YOUR INSTRUCTIONS.
Below are entries with pictures among them; reproduce exactly, and only, the lines from the one containing "最初其实是在 CC1 中被用到的,为了解决" down to the one containing "Kapolda Bali, Irjen.", without the pictures.
*** DATA FOR PROCESSING Section Begins ***
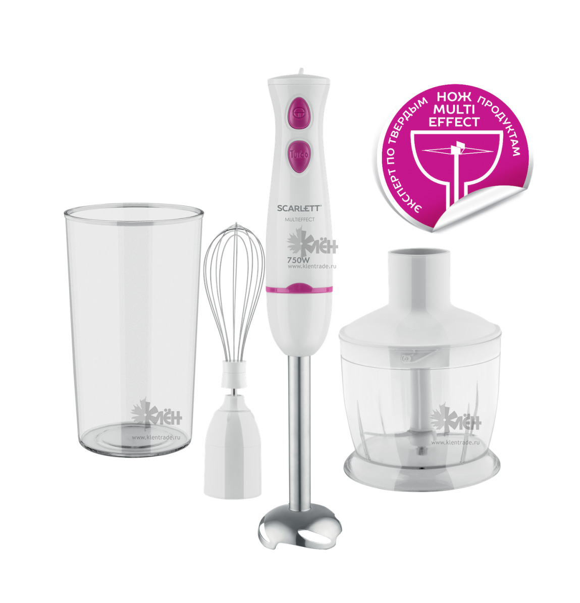 Блендер оснащен ножом MULTI EFFECT с двумя укороченными вертикальными лезвиями для переработки самых твердых продуктов.
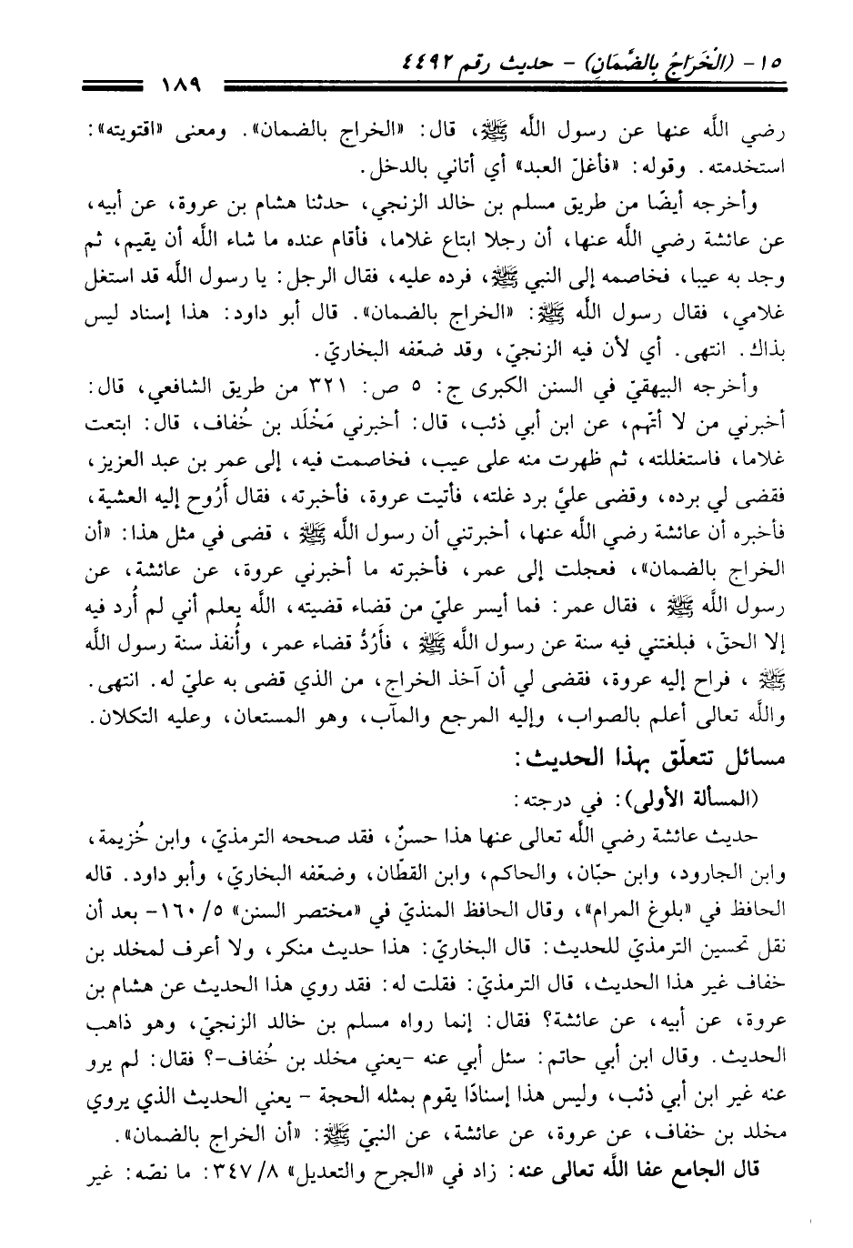 حديث عائشة رضي الله تعالى عنها هَذَا حسنٌ، فقد صححه الترمذيّ، وابن خُزيمة، وابن الجارود، وابن حبّان، والحاكم، وابن القطّان، وضعفه البخاريّ، وأبو داود. قاله الحافظ فِي "بلوغ المرام"، وَقَالَ الحافظ المنذريّ فِي "مختصر السنن" 5/ 160 - بعد أن نقل تحسين الترمذيّ للحديث: قَالَ البخاريّ: هَذَا حديث منكر، ولا أعرف لمخلد بن خفاف غير هَذَا الْحَدِيث، قَالَ الترمذيّ: فقلت له: فقد روي هَذَا الْحَدِيث عن هشام بن عروة، عن أبيه، عن عائشة؟ فَقَالَ: إنما رواه مسلم بن خالد الزنجيّ، وهو ذاهب الْحَدِيث. وَقَالَ ابن أبي حاتم: سئل أبي عنه -يعني مخلد بن خُفاف-؟ فَقَالَ: لم يرو عنه غير ابن أبي ذئب، وليس هَذَا إسنادًا يقوم بمثله الحجة -يعني الْحَدِيث الذي يروي مخلد بن خفاف، عن عروة، عن عائشة، عن النبيّ -صلى الله عليه وسلم-: "أن الخراج بالضمان".
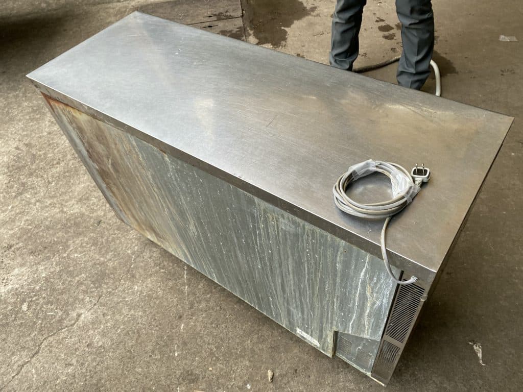 ドリンクのボトルを入れるために棚板をあえて除いて使用していて、どこにしまったかわからず紛失してしまうお客様であったり、魚介類を捌いたりするシンクの隣に置いてあると脚が腐食してしまうなど、その店の業態や扱い方によって状態は様々です。
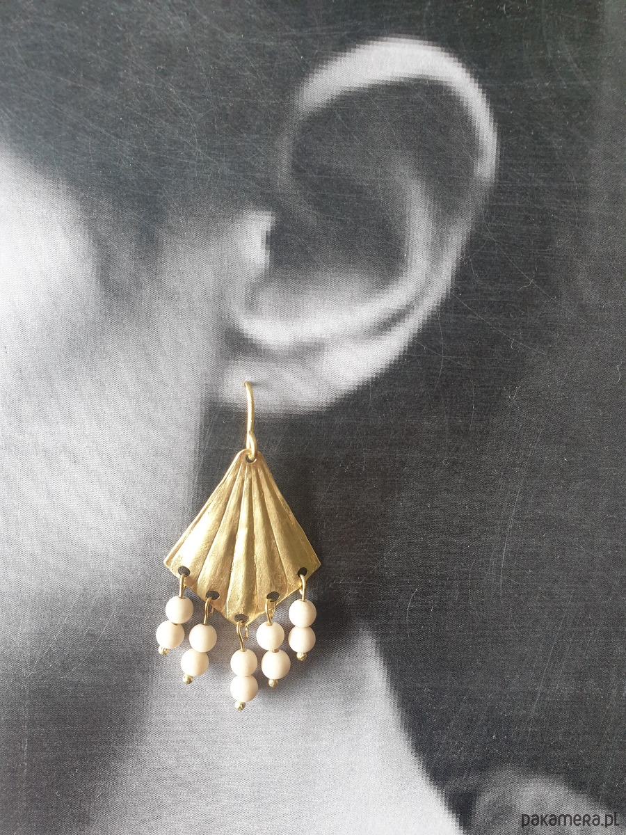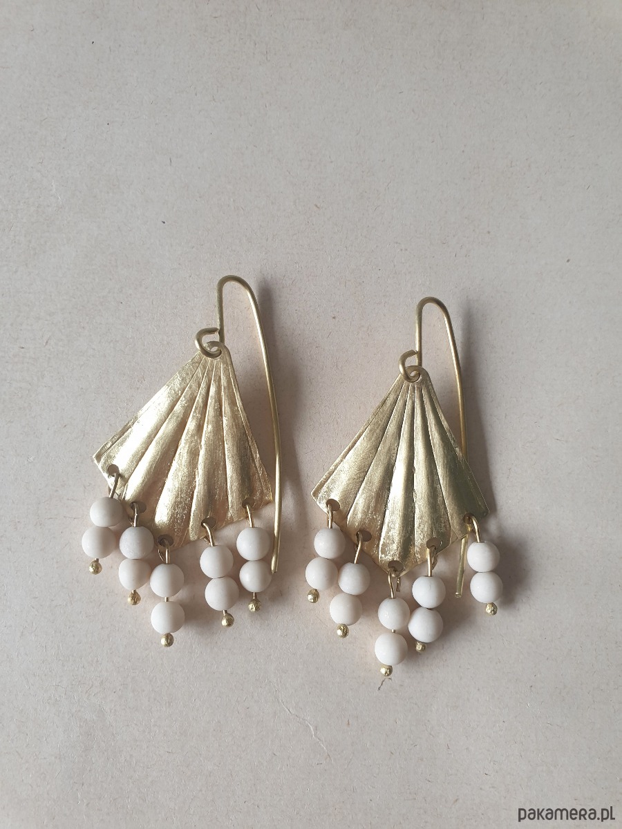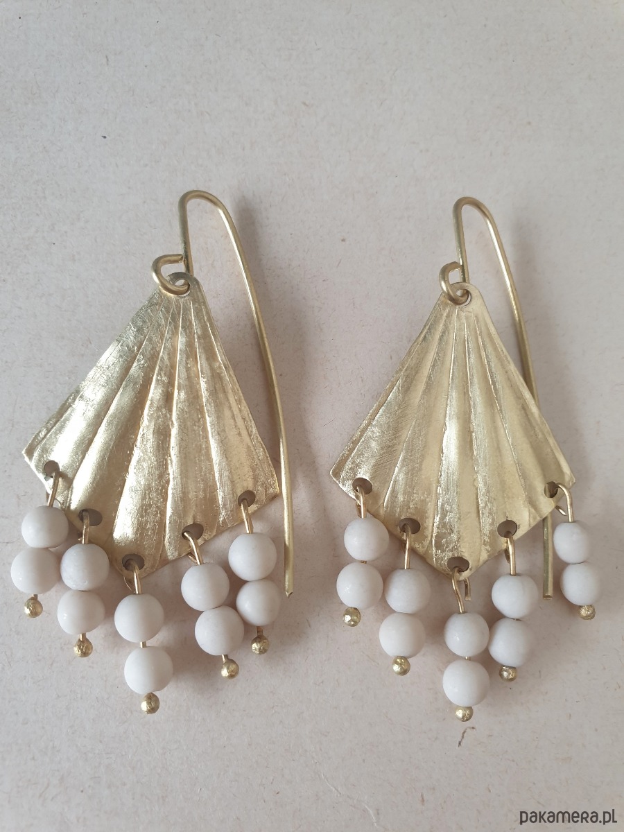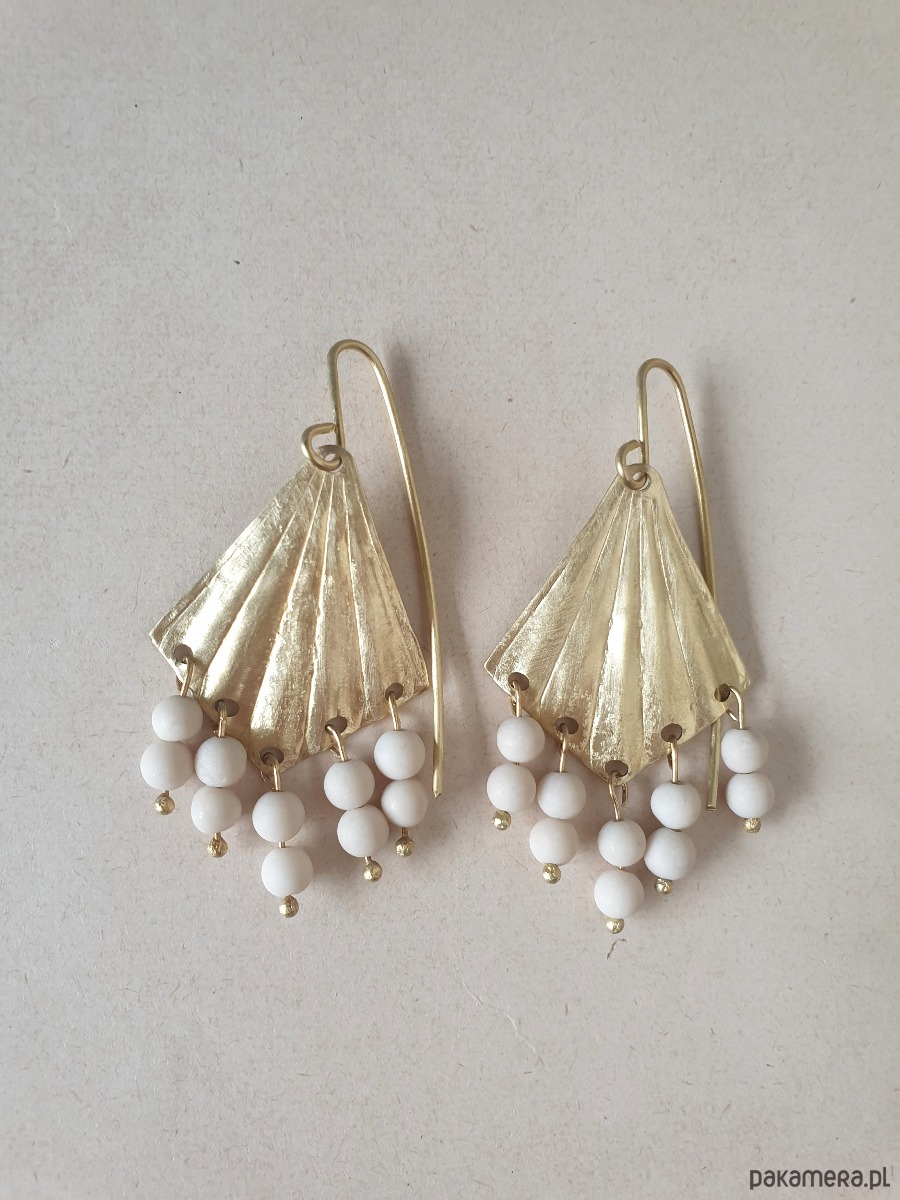Duże wiszące kolczyki z kolekcji ORIGAMI, w kształcie wachlarzy na długich sztyftach z surowego mosiądzu z kamieniami naturalnymi, kulkami jaspisu river (tzw kamień rzeczny). Kolczyki są ręcznie wycinane, młotkowane, matowione i formowane stąd ich niedoskonały urok i każda para jest wyjątkowa. Kolczyki tworzone na zamówienie, na zdjęciu przykładowa para.
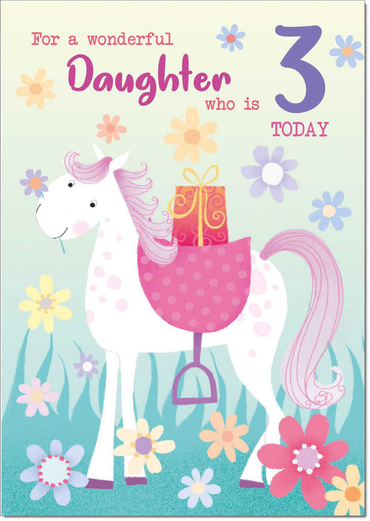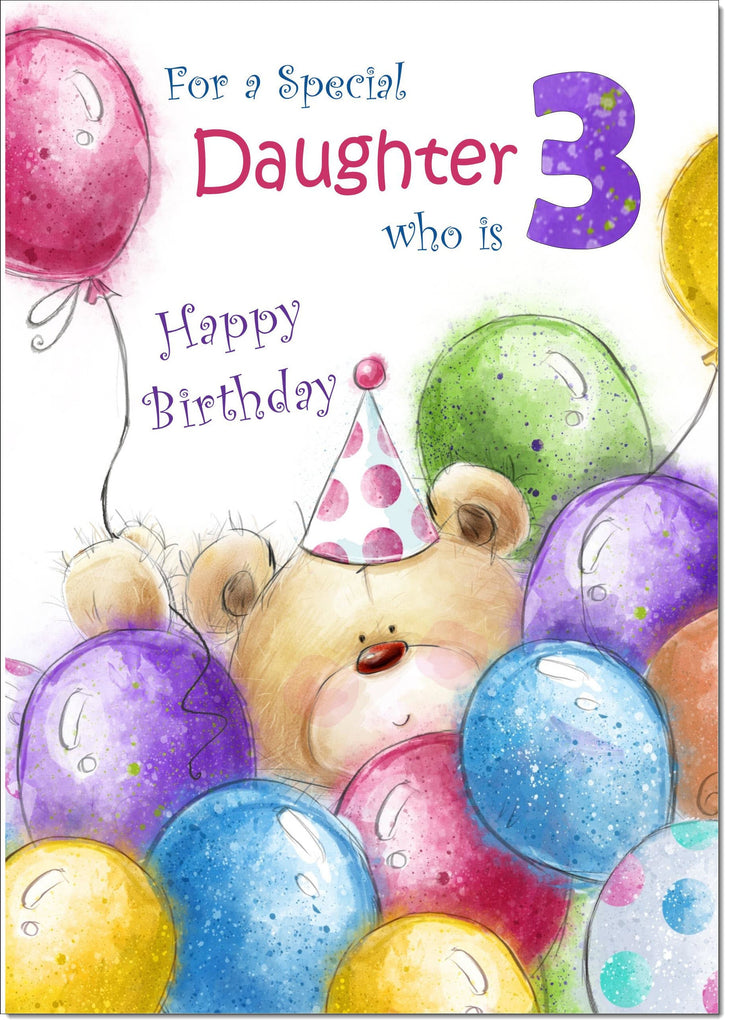 Daughter 3rd Birthday Card Age 3 Bunny Rabbit
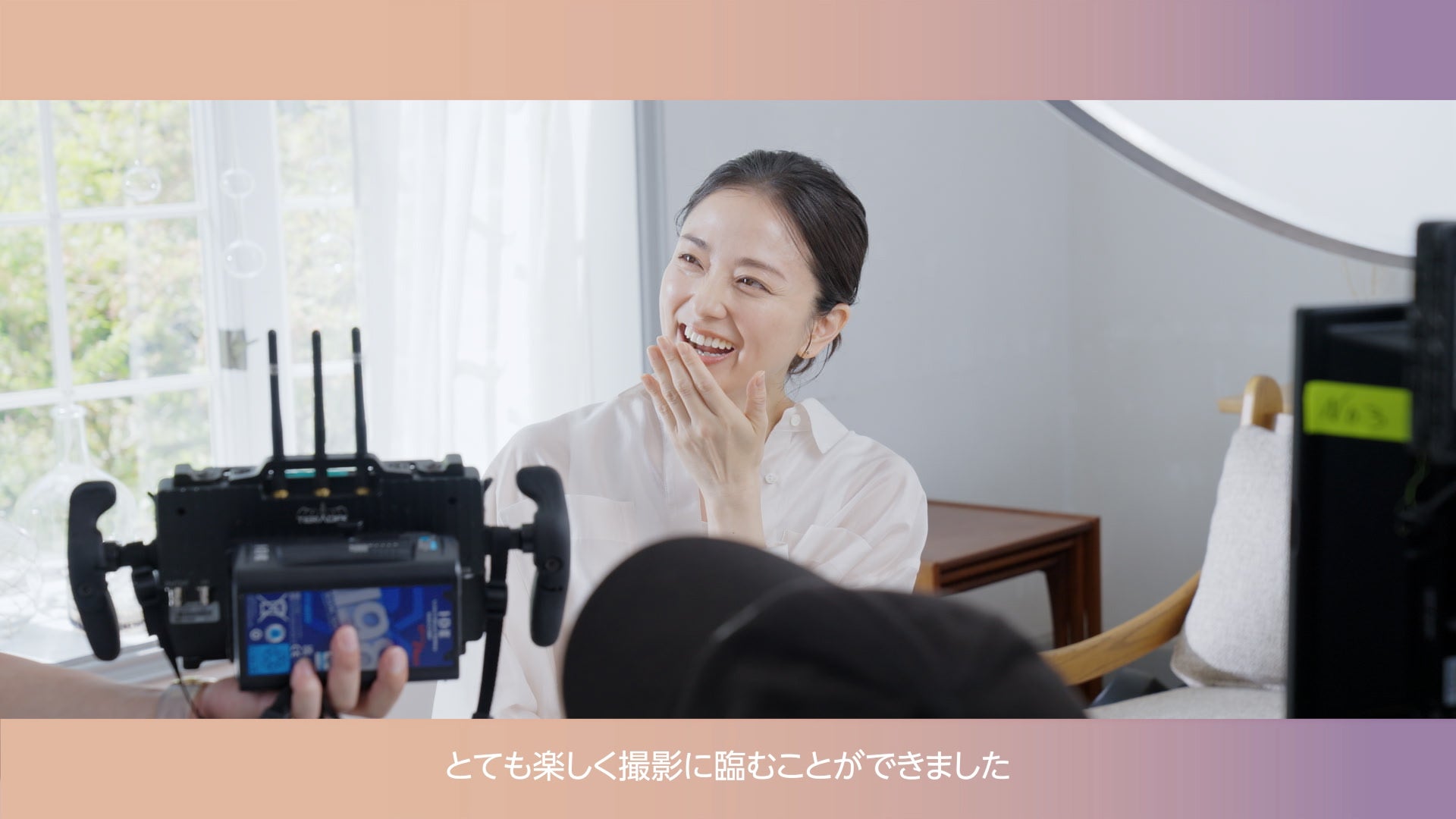 今回は自然光が眩しく差し込む一軒家のスタジオでの撮影となりました。中越さんの明るく柔らかなお人柄が場を和ませてくれたこともあり、終始穏やかな空気の中で撮影が進行しました。監督と丁寧に話し合いを重ね、シーツを伸ばすシーンや頬にクリームを塗る細かな仕草など、中越さんの自然な動きに監督も思わず笑顔に。特に注目していただきたいのが中越さんの決め台詞、「よくばりたいから」。監督による細かなオーダーに真剣に向き合いながら、何度もセリフに挑戦していただきました。その結果、ナチュラルな雰囲気の中で、中越さんの柔らかな美しさが溢れる印象的なカットとなっております。撮影の合間にはスタッフと楽しそうに談笑する中越さんの姿も見られ、現場も終始笑顔に包まれました。
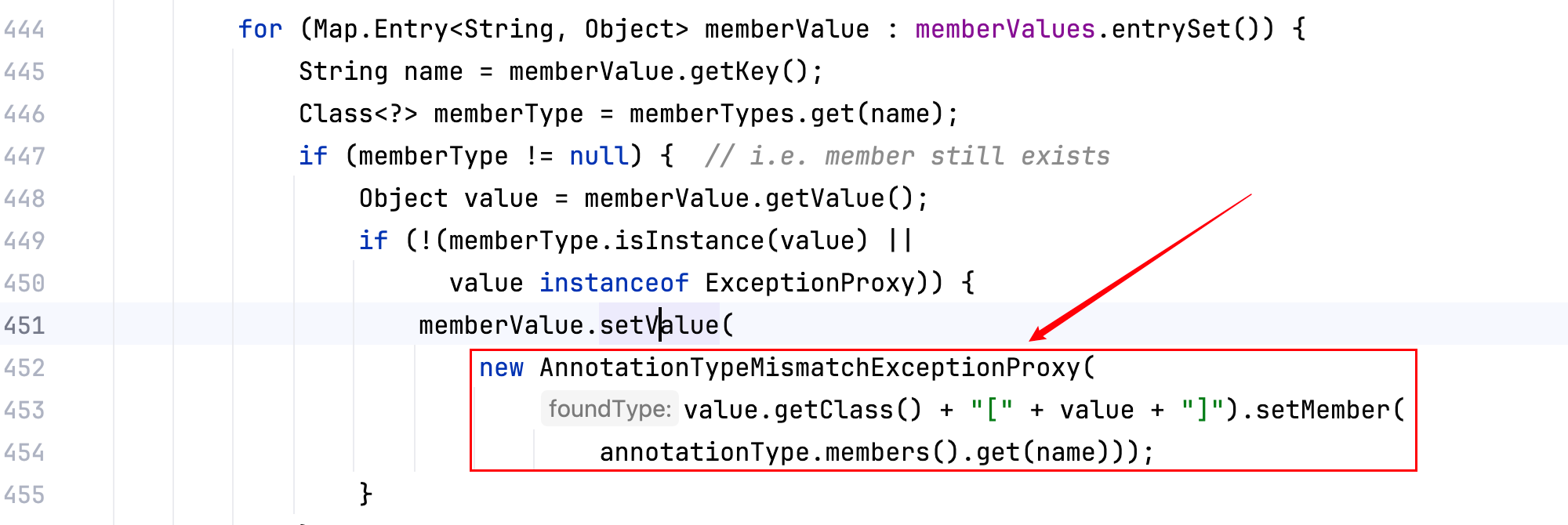 最初其实是在 CC1 中被用到的,为了解决 AnnotationInvocationHandler 类的 readObject 方法中memberValue.setValue(xxx)
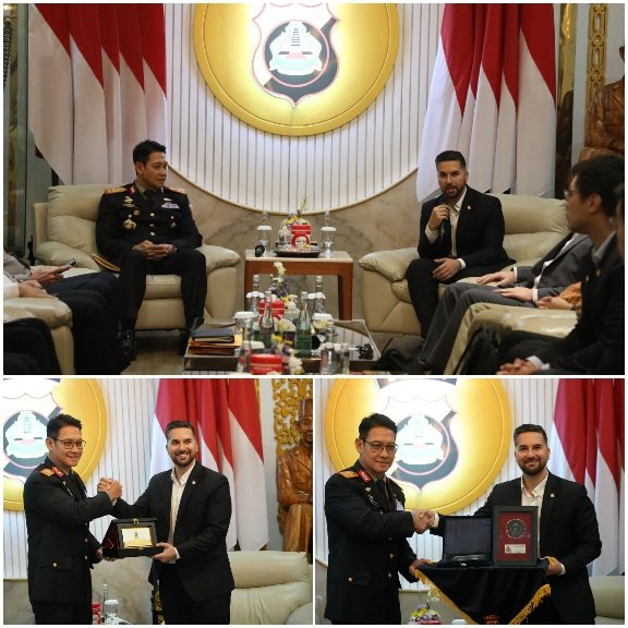Kapolda Bali, Irjen. Pol. Daniel Adityajaya, S.H., S.IK., M.Si., menerima audiensi kunjungan dari delegasi Indonesia Foreign Law Enforcement Community (IFLEC) dan Royal Canadian Mounted Police (RCMP) Liaison Officer (LO), yang bertempat di Lounge Sura Dwipa Sarva Bhavena Polda Bali. Pada Senin, (2/6/2025).
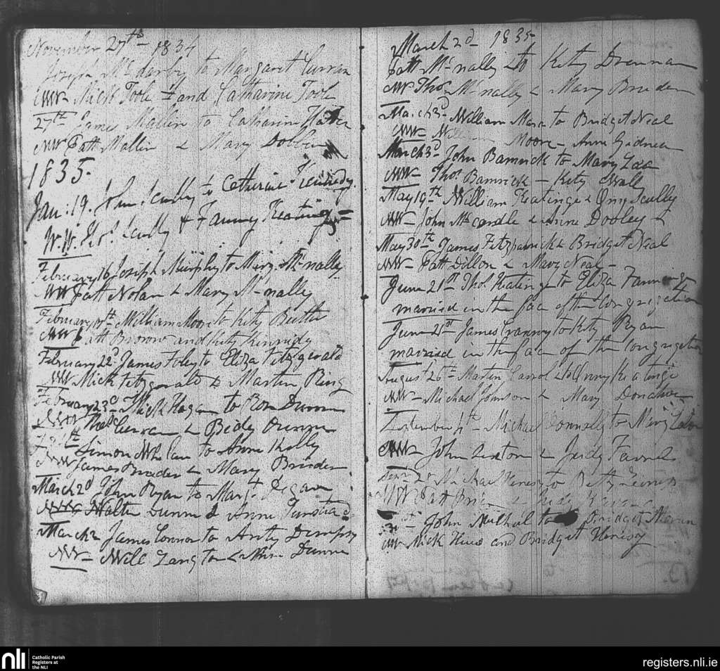 Arles; County of Laois; Diocese of Kildare and Leighlin. Marriages, Nov. 1834 to Sep. 1835
*** DATA FOR PROCESSING Section Ends ***
WRITTEN SOLUTION.
 最初其实是在 CC1 中被用到的,为了解决 AnnotationInvocationHandler 类的 readObject 方法中memberValue.setValue(xxx)
Kapolda Bali, Irjen. Pol. Daniel Adityajaya, S.H., S.IK., M.Si., menerima audiensi kunjungan dari delegasi Indonesia Foreign Law Enforcement Community (IFLEC) dan Royal Canadian Mounted Police (RCMP) Liaison Officer (LO), yang bertempat di Lounge Sura Dwipa Sarva Bhavena Polda Bali. Pada Senin, (2/6/2025).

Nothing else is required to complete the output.